### Data for this task ###

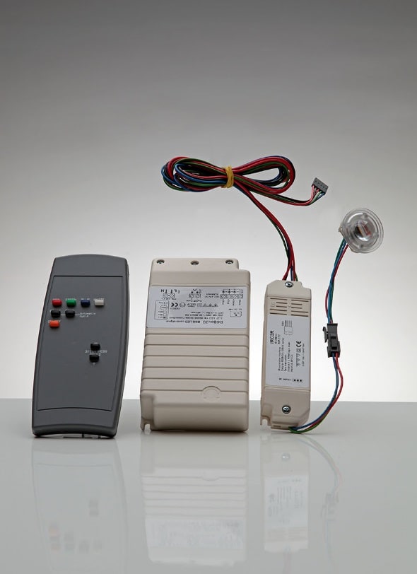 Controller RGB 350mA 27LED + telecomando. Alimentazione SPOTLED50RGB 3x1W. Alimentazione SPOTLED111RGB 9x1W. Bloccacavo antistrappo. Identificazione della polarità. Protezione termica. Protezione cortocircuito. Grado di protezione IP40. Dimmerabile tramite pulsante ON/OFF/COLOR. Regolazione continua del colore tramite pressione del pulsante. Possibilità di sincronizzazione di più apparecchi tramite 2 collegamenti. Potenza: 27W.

###
### Data for this task ###

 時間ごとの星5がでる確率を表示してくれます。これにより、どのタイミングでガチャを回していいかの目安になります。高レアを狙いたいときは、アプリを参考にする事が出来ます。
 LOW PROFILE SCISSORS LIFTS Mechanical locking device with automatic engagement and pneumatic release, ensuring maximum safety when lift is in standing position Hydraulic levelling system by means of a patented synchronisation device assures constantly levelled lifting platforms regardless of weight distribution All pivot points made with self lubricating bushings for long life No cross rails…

###

- What you have to do
Please reproduce the lines from the line with "時間ごとの星5がでる確率を表" to the line with "LOW PROFILE SCISSORS", both ends included, exactly as they appear above.

- Answer box
 時間ごとの星5がでる確率を表示してくれます。これにより、どのタイミングでガチャを回していいかの目安になります。高レアを狙いたいときは、アプリを参考にする事が出来ます。
 LOW PROFILE SCISSORS LIFTS Mechanical locking device with automatic engagement and pneumatic release, ensuring maximum safety when lift is in standing position Hydraulic levelling system by means of a patented synchronisation device assures constantly levelled lifting platforms regardless of weight distribution All pivot points made with self lubricating bushings for long life No cross rails…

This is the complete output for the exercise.